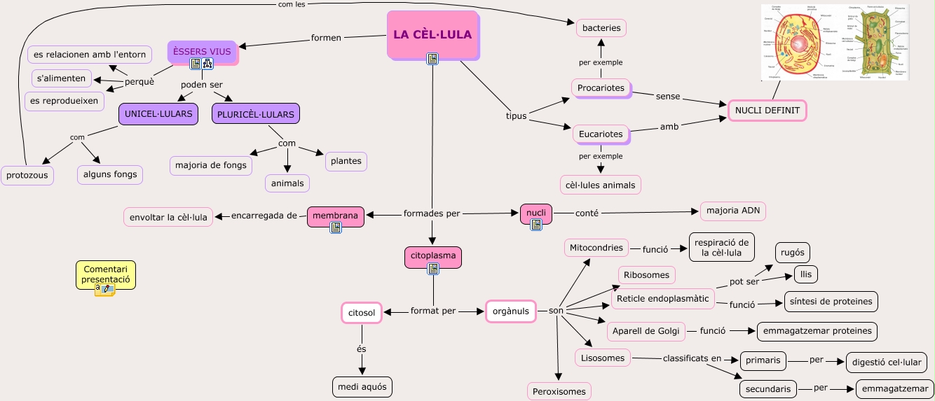 Aquest mapa conceptual conté informació relacionada amb: La cèl·lula 3r cicle EP amb recursos i presentació, Reticle endoplasmàtic pot ser llis, ÈSSERS VIUS poden ser UNICEL·LULARS, LA CÈL·LULA tipus Eucariotes, Mitocondries funció respiració de la cèl·lula, citoplasma format per citosol, NUCLI DEFINIT ????, citosol és medi aquós, nucli conté majoria ADN, LA CÈL·LULA formades per membrana, PLURICÈL·LULARS com majoria de fongs, Procariotes sense NUCLI DEFINIT, PLURICÈL·LULARS com animals, Aparell de Golgi funció emmagatzemar proteines, PLURICÈL·LULARS com plantes, Reticle endoplasmàtic funció síntesi de proteines, secundaris per emmagatzemar, ÈSSERS VIUS perquè es reprodueixen, orgànuls son Ribosomes, orgànuls son Aparell de Golgi, Lisosomes classificats en secundaris
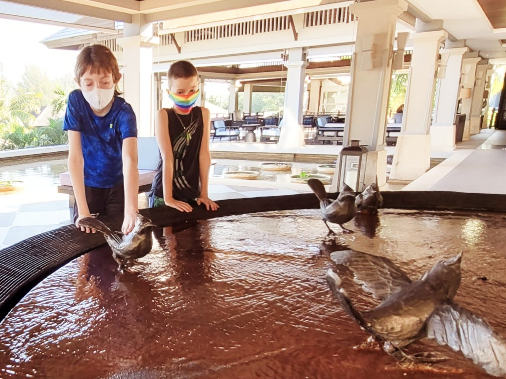 The parents are hoping their backpacks arrive in Thailand before too much baht gets spent on bathing/beachwear clothes.
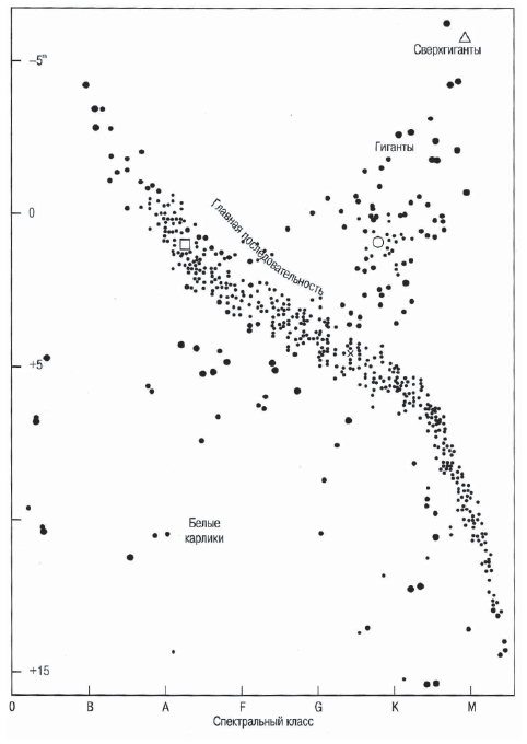 Будем изображать звезды точками на диаграмме Герцшпрунга – Рассела, где по оси абсцисс отложены спектральные классы (или соответствующие им показатели цвета), а по оси ординат – абсолютные величины, являющиеся мерой светимости соответствующих звезд (рис. 1). Из рисунка видно, что звезды лежат на этой диаграмме не беспорядочно, а образуют явно выраженные последовательности. Большинство звезд находится в пределах сравнительно узкой полосы, идущей от левого верхнего угла диаграммы к правому нижнему. Это так называемая главная последовательность звезд. В верхнем правом углу группируются звезды в виде довольно беспорядочной кучи. Их спектральные классы – G, К и М, а абсолютные величины находятся в пределах (+2) + (—6). Они называются красными гигантами, хотя среди них есть и желтые звезды. Наконец, в нижней левой части диаграммы мы видим небольшое количество звезд. Их абсолютные величины слабее +10, а спектральные классы лежат в пределах от В до F. Следовательно, это очень горячие звезды с низкой светимостью. Но низкая светимость при высокой поверхностной температуре может быть, очевидно, только тогда, когда радиусы звезд достаточно малы. Таким образом, в этой части диаграммы «спектр – светимость» находятся очень маленькие горячие звезды. Такие звезды называются белыми карликами. Именно о них речь шла в начале этой главы.
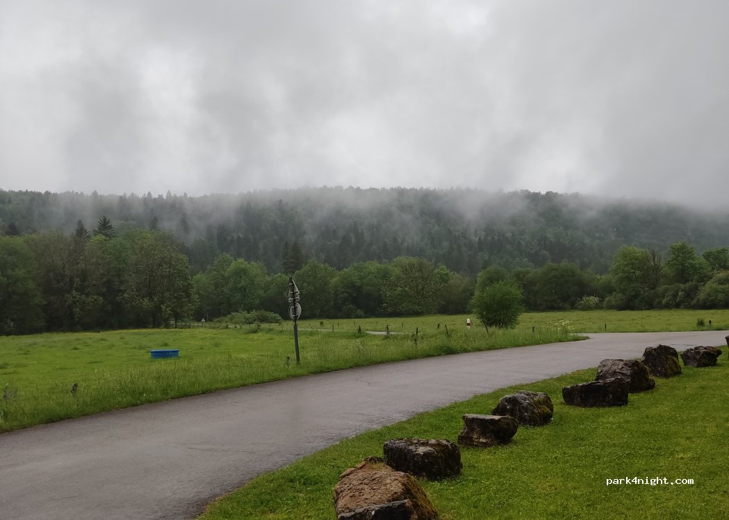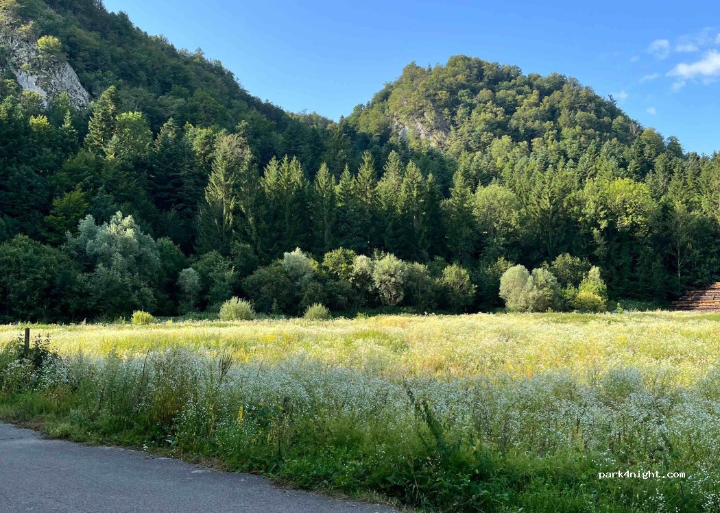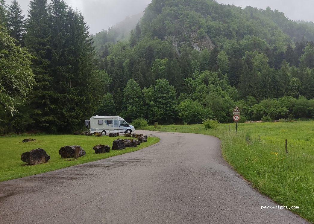 Emplacement goudronné, avec table de pique nique sur l’herbe. Très agréable, nuit au calme avec le bruit de l’eau (l’Ain) au loin. Poubelle à proximité. Route à côté très peu empruntée, je recommande
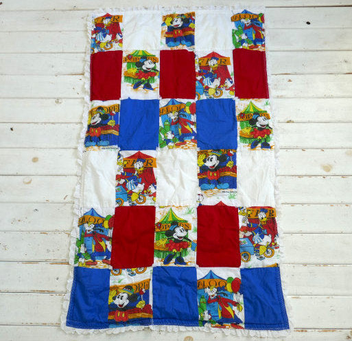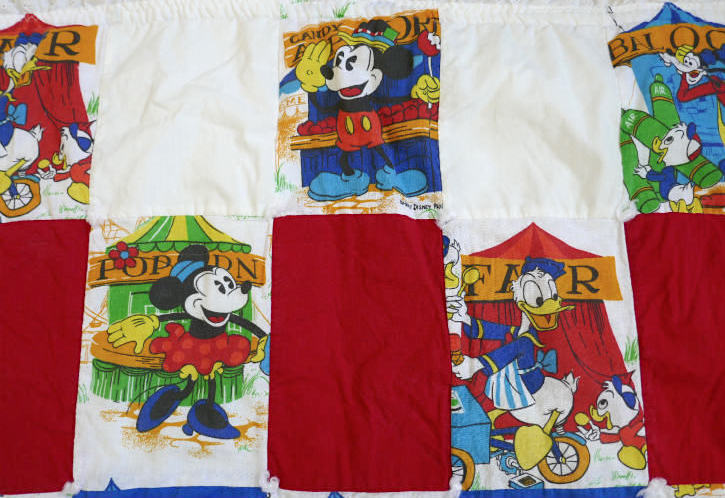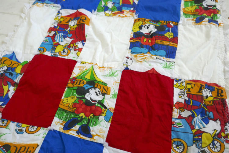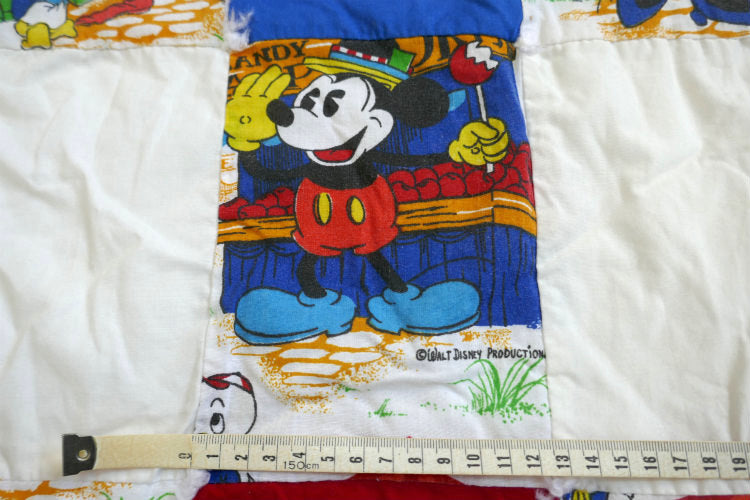 ミッキー&フレンズ カーニバル柄 パッチワーク レース付き 70's ヴィンテージ ベビーマット マット USA
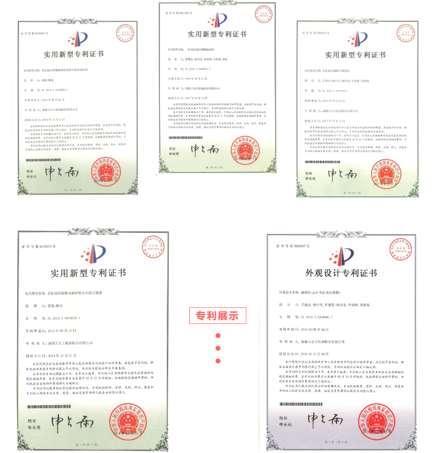 目前,PYD系列多缸液壓圓錐式破碎機(jī)已取得5項(xiàng)專利技術(shù)。
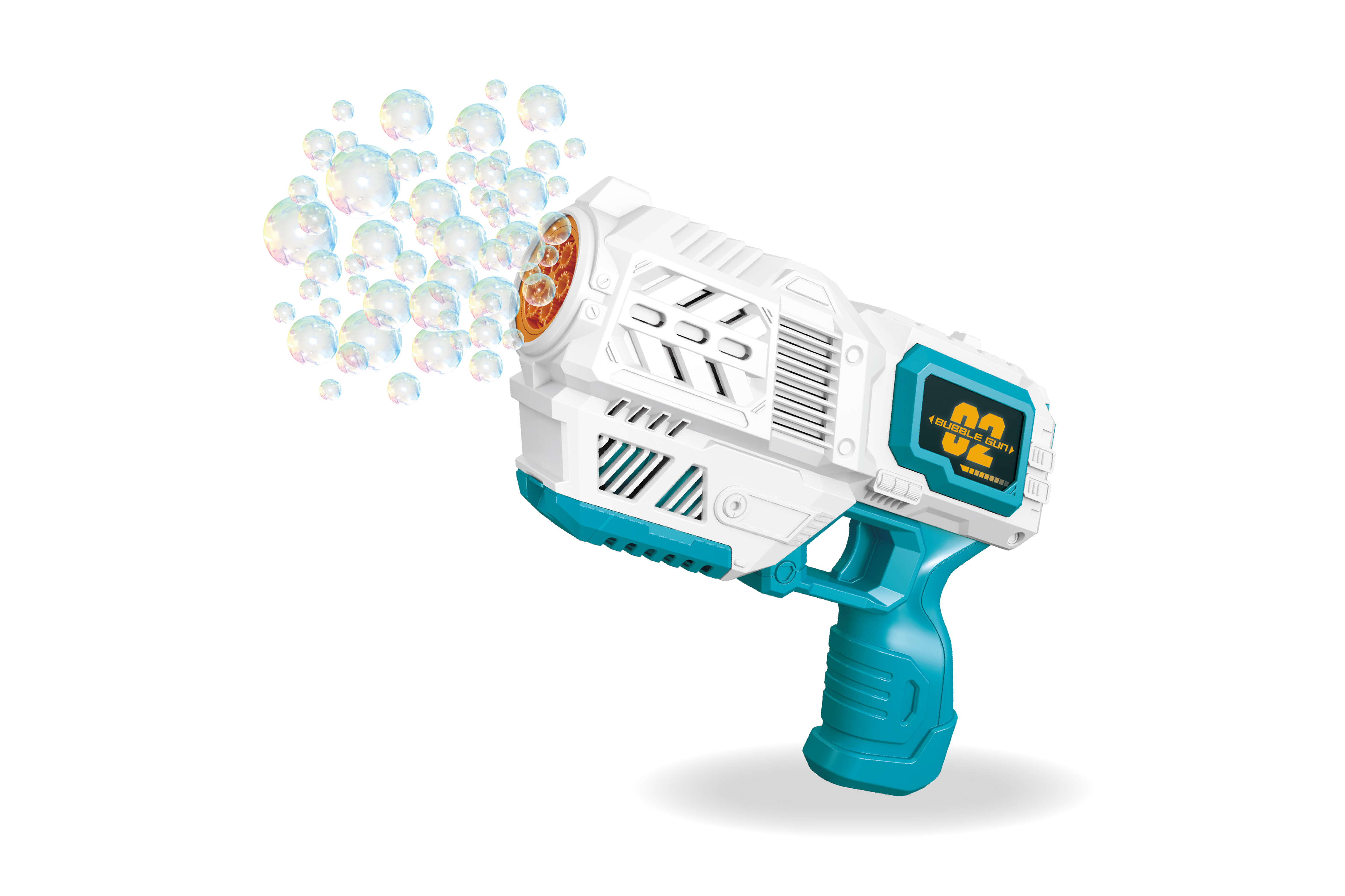 Bublifuk pištoľ. Rozmery pištole 19,5x14,7x5,8 cm. Nádržka s objemom 50 ml. Batérie 4xAA nie sú súčasťou.
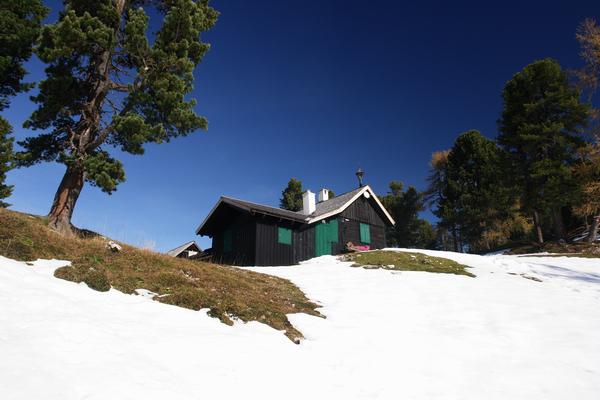 Sogar Schneeschuhe sahen wir bei einer Hütte nahe dem Steinerhaus lehnen. Ein sonnenhungriger Wanderer machte es sich liegenderweise auf einer Bank vor der Hütte gemütlich.
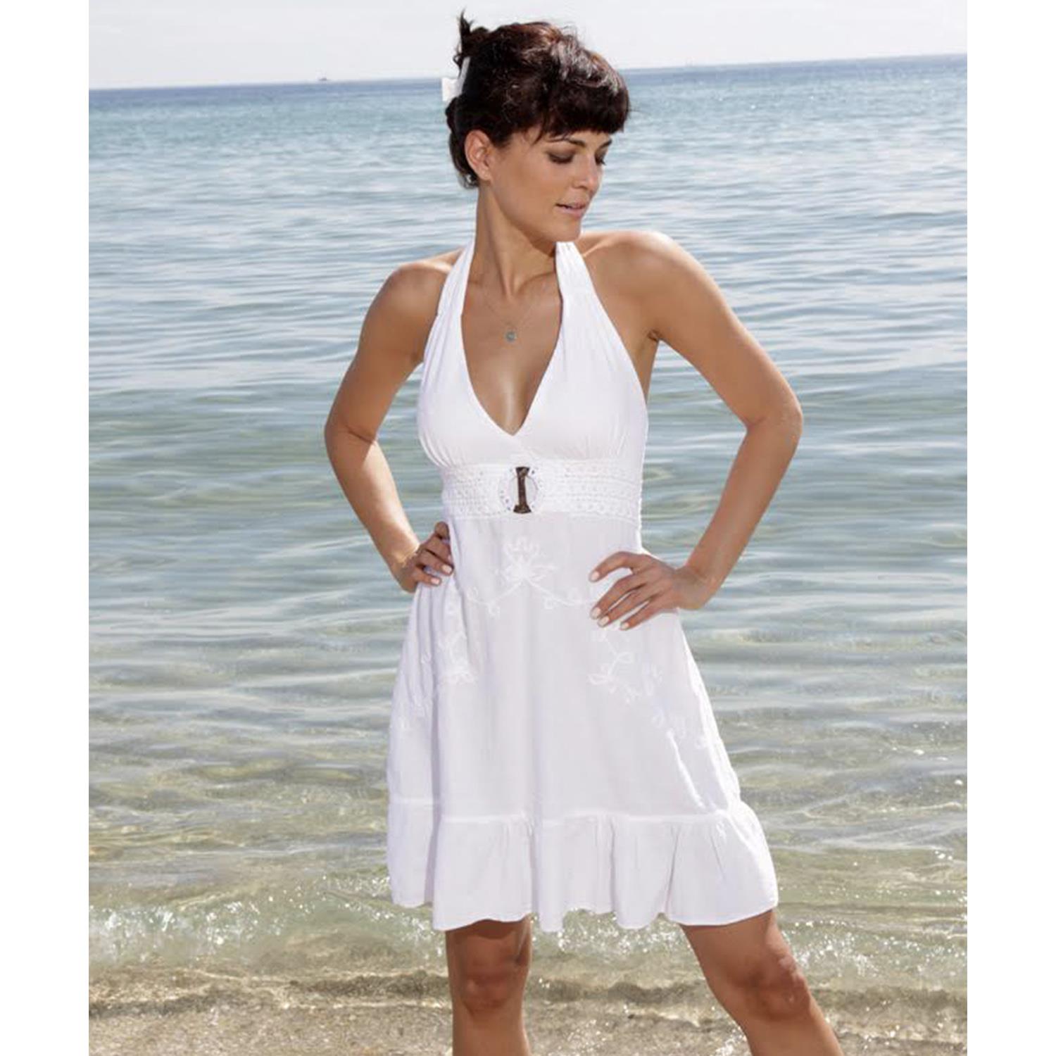 Vestido J.Valdi corto con capuchon Maldives blanco
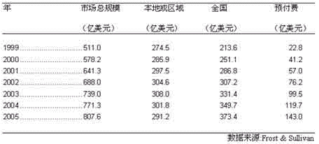 本地或區(qū)域價格方案在我們預(yù)測的時期內(nèi), 將始終是手機用戶采納的最多的一種方案。 1999年,在美國有5千7百 萬,大約70%的用戶是采用本地或區(qū)域方案, 而該方案產(chǎn)生的營業(yè)額為274.5億美元, 約占市場總規(guī)模的58.6%。Frost & Sullivan 預(yù)計,到2005年, 46.6%的手機用戶還會使用該種方案, 而該方案產(chǎn)生的營業(yè)額將為291.2億美元,占市場總規(guī)模的比例將縮至36.1%。
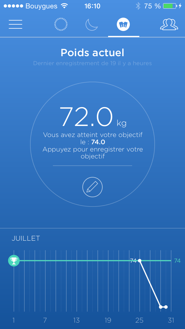 Le troisième onglet fait un focus sur notre poids. Le Misfit Shine ne servant pas à mesurer son poids, ici il m’a fallu remplir à la main chaque jour cette donnée.
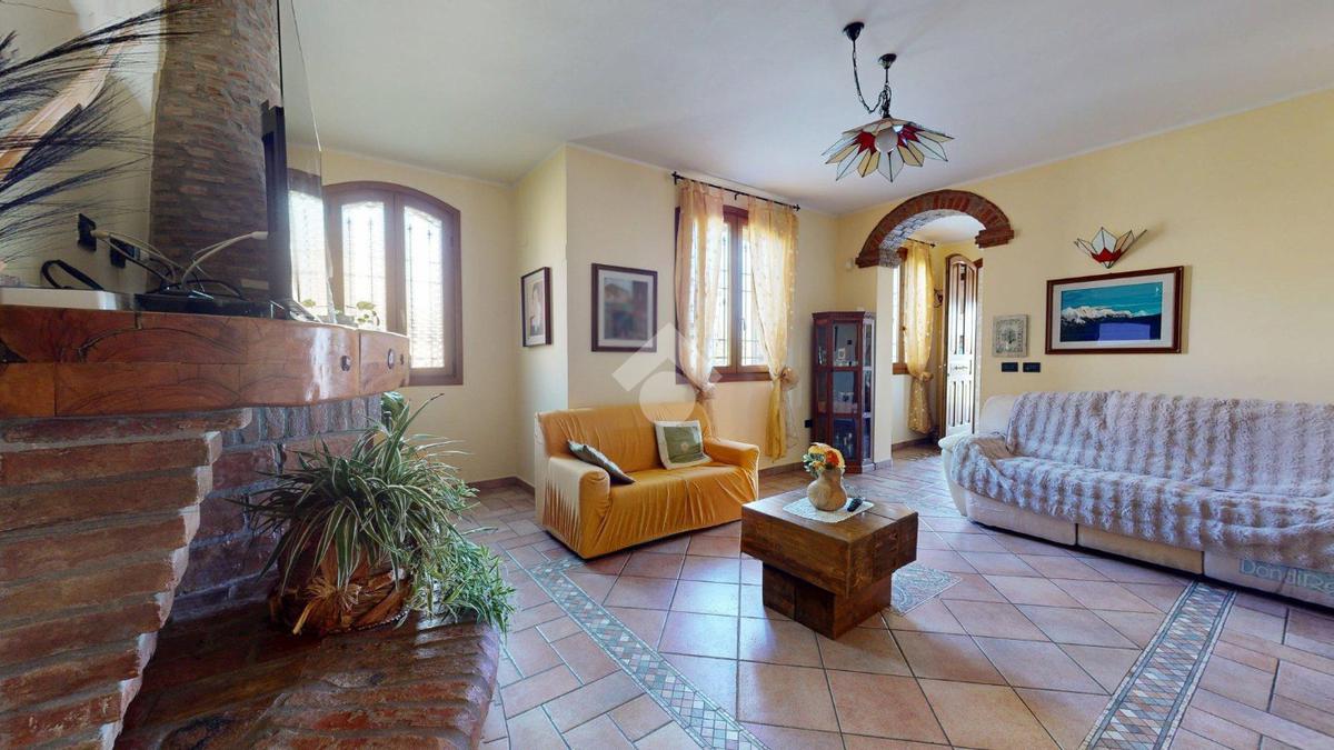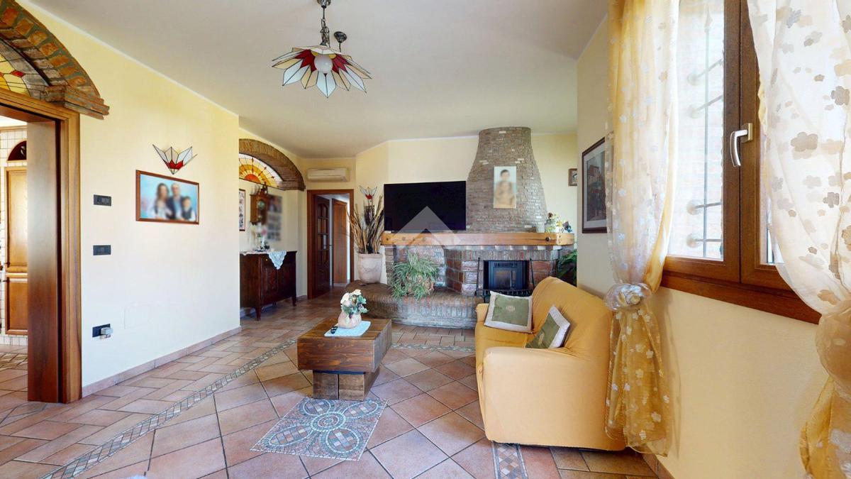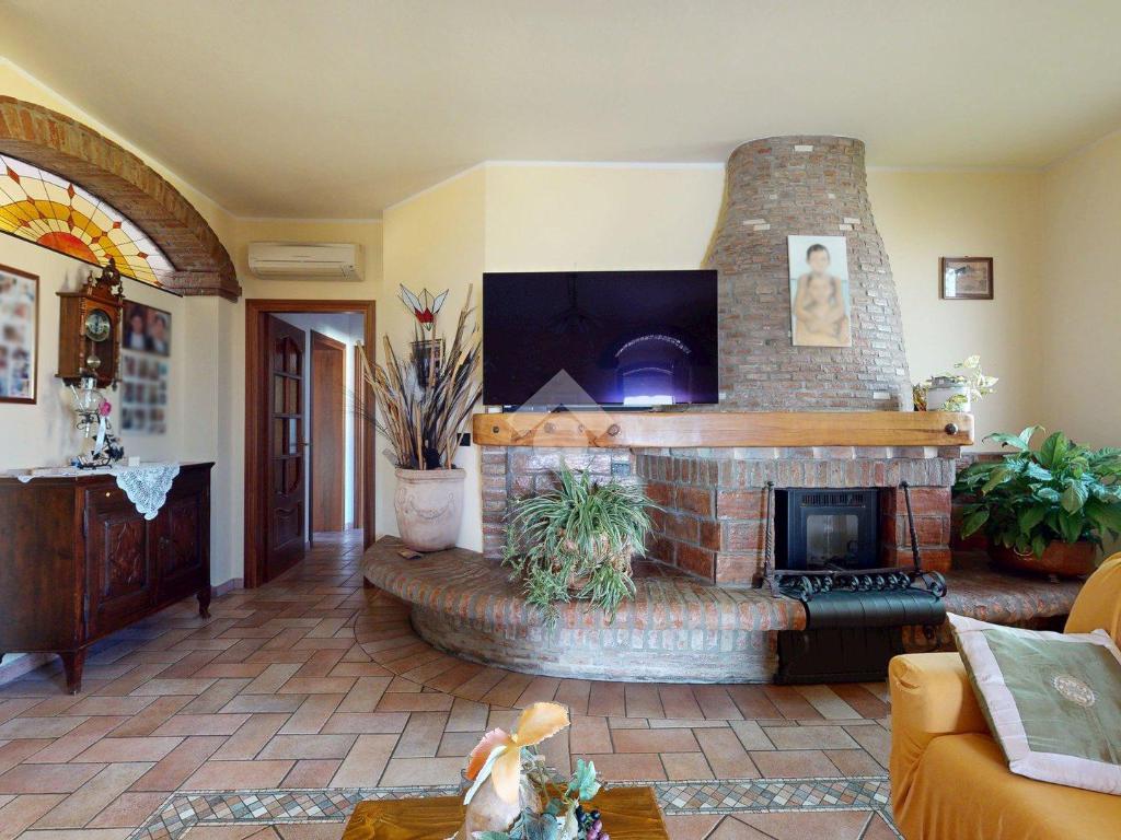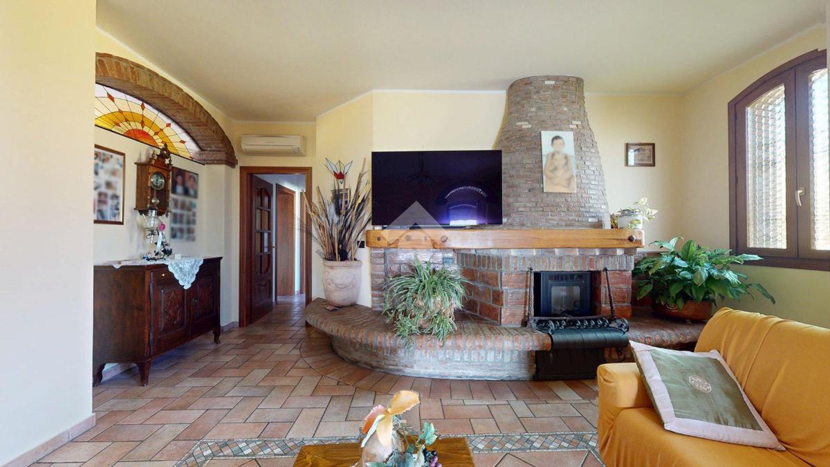 Superata la soglia, si entra in un ampio soggiorno con camino, luminoso e centrale: il cuore della casa.

→ Assignment: Print from the line containing "目前,PYD系列多缸液壓圓錐" through the line containing "Vestido J.Valdi corto" in the data above, exactly as the lines stand, and omit every picture.

→ Solved exercise:
 目前,PYD系列多缸液壓圓錐式破碎機(jī)已取得5項(xiàng)專利技術(shù)。
 Bublifuk pištoľ. Rozmery pištole 19,5x14,7x5,8 cm. Nádržka s objemom 50 ml. Batérie 4xAA nie sú súčasťou.
 Sogar Schneeschuhe sahen wir bei einer Hütte nahe dem Steinerhaus lehnen. Ein sonnenhungriger Wanderer machte es sich liegenderweise auf einer Bank vor der Hütte gemütlich.
 Vestido J.Valdi corto con capuchon Maldives blanco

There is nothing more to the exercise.